Joints are sometimes not perfectly sealed and can get moisture in the wood if it is exposed. In humid areas with large temperature changes, this can ruin the joints and thus the cue itself. To protect the joints, one can purchase a cue case or joint protectors that cover the joints for added protection. Joints are also a frequent place where grease is attracted, especially in brass versions. To remove this grease, fine wool wire can be used (grade 0-0).

Butt

The butt end of the cue requires the least amount of maintenance, since usually it isn't touched too much except for the wrap. A quick wipe down with a slightly damp cloth on the areas with a wood finish (not on the wrap) and a dry wipe down should get rid of any dirt, oil, or fingerprints. For the wrap, if the cue has one, it may smell or become loose. The smell is from wherever one plays as well as sweaty or dirty hands. There is no real way to wash it since it is on the cue, but can be replaced it if it gets too bad. As with the other maintenance issues, prevention is better than replacement of a part of the cue. Certain materials for the wrap fair better than others. For instance since Irish Linen gets stronger as it gets wet, it won't loosen like other wraps will.

Rattling butts are normally due to bad construction and there is nothing can be done about it besides live with it. It shouldn't affect game play except psychologically, and one can always intimidate other players by saying one is going to beat them with "The Shaky Stick".

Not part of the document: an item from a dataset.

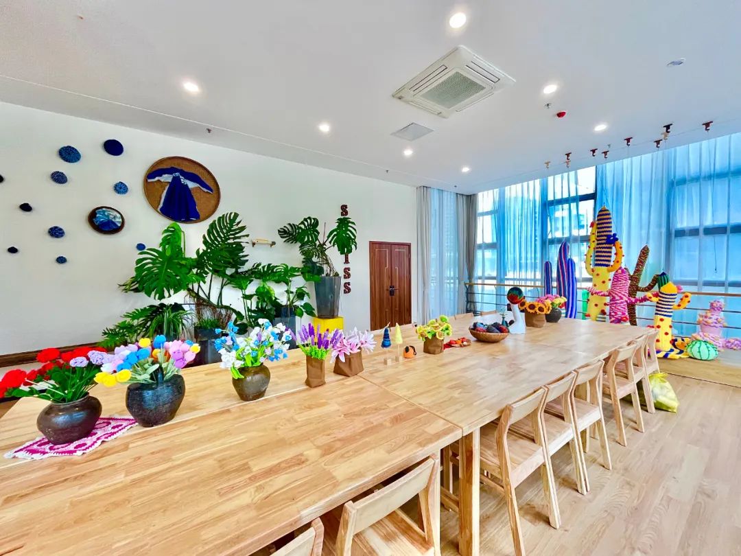 文化驿站约100平方米,配有桌椅、小讲台、博古架等,可以举办茶艺插花、文艺讲座、书画笔会、影音品鉴等文化沙龙,公开接受社会预约。
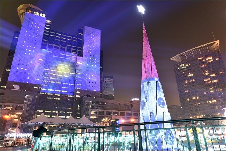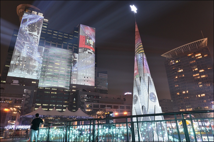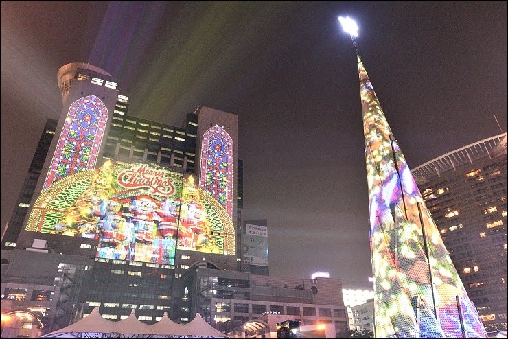 看完浪漫的LED燈藍海,走上階梯就是全球唯一的360度3D立體光雕投影耶誕樹!!

Preventing the loss of bumper is easy; don't play around with them and they shouldn't come loose; if they do, just tighten them up again, since they are an essential part of the cue.

Cue as a whole

The cue as a whole should be kept in a place that doesn't have much temperature variation, as this can warp the cue. Normally, cues are kept in a cue case, either soft or hard, for easy transport, protection from moisture, as well as protecting them from the elements and rapid temperature changes. Also it is advisable not to lean cues against walls as this also leads to warping. Cues should also not be sanded with abrasive sandpaper as it removes protective finishes.